**Stored data**
◆ ◆ ◆ ◆
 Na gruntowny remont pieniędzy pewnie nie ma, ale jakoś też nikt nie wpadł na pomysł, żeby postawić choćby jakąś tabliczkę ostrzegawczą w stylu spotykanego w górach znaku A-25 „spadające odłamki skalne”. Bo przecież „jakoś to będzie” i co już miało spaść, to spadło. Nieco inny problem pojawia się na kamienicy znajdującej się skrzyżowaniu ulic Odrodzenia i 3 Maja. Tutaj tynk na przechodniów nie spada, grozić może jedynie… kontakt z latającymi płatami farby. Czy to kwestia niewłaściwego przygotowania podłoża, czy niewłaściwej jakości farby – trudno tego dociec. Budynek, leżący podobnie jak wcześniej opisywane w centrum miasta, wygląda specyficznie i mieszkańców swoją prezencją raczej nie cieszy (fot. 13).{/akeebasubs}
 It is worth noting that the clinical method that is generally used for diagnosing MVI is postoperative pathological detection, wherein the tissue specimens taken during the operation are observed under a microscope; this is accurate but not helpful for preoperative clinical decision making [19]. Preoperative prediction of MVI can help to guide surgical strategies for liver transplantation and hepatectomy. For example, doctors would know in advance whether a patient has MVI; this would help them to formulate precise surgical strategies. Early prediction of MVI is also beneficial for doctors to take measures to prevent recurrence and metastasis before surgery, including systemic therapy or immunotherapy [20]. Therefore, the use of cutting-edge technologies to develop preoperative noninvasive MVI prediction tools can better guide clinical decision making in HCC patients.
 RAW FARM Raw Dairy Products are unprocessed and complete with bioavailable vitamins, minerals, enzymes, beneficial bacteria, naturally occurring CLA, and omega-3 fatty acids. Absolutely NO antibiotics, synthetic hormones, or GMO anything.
◆ ◆ ◆ ◆
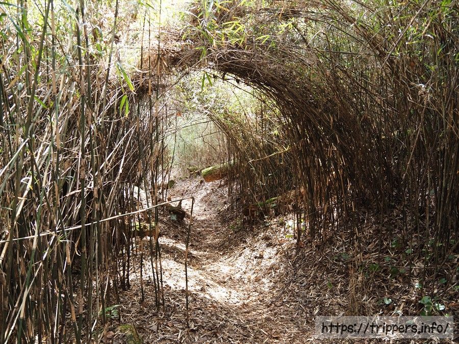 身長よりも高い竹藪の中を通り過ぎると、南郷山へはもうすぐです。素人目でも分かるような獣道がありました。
◆ ◆ ◆ ◆
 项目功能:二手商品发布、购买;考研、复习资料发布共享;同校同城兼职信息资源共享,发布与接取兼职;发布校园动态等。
◆ ◆ ◆ ◆
**About this exercise**
When you reach the line containing "Na gruntowny remont" in the data above, start copying exactly, and stop after the line containing "RAW FARM Raw".

**Written solution**
 Na gruntowny remont pieniędzy pewnie nie ma, ale jakoś też nikt nie wpadł na pomysł, żeby postawić choćby jakąś tabliczkę ostrzegawczą w stylu spotykanego w górach znaku A-25 „spadające odłamki skalne”. Bo przecież „jakoś to będzie” i co już miało spaść, to spadło. Nieco inny problem pojawia się na kamienicy znajdującej się skrzyżowaniu ulic Odrodzenia i 3 Maja. Tutaj tynk na przechodniów nie spada, grozić może jedynie… kontakt z latającymi płatami farby. Czy to kwestia niewłaściwego przygotowania podłoża, czy niewłaściwej jakości farby – trudno tego dociec. Budynek, leżący podobnie jak wcześniej opisywane w centrum miasta, wygląda specyficznie i mieszkańców swoją prezencją raczej nie cieszy (fot. 13).{/akeebasubs}
 It is worth noting that the clinical method that is generally used for diagnosing MVI is postoperative pathological detection, wherein the tissue specimens taken during the operation are observed under a microscope; this is accurate but not helpful for preoperative clinical decision making [19]. Preoperative prediction of MVI can help to guide surgical strategies for liver transplantation and hepatectomy. For example, doctors would know in advance whether a patient has MVI; this would help them to formulate precise surgical strategies. Early prediction of MVI is also beneficial for doctors to take measures to prevent recurrence and metastasis before surgery, including systemic therapy or immunotherapy [20]. Therefore, the use of cutting-edge technologies to develop preoperative noninvasive MVI prediction tools can better guide clinical decision making in HCC patients.
 RAW FARM Raw Dairy Products are unprocessed and complete with bioavailable vitamins, minerals, enzymes, beneficial bacteria, naturally occurring CLA, and omega-3 fatty acids. Absolutely NO antibiotics, synthetic hormones, or GMO anything.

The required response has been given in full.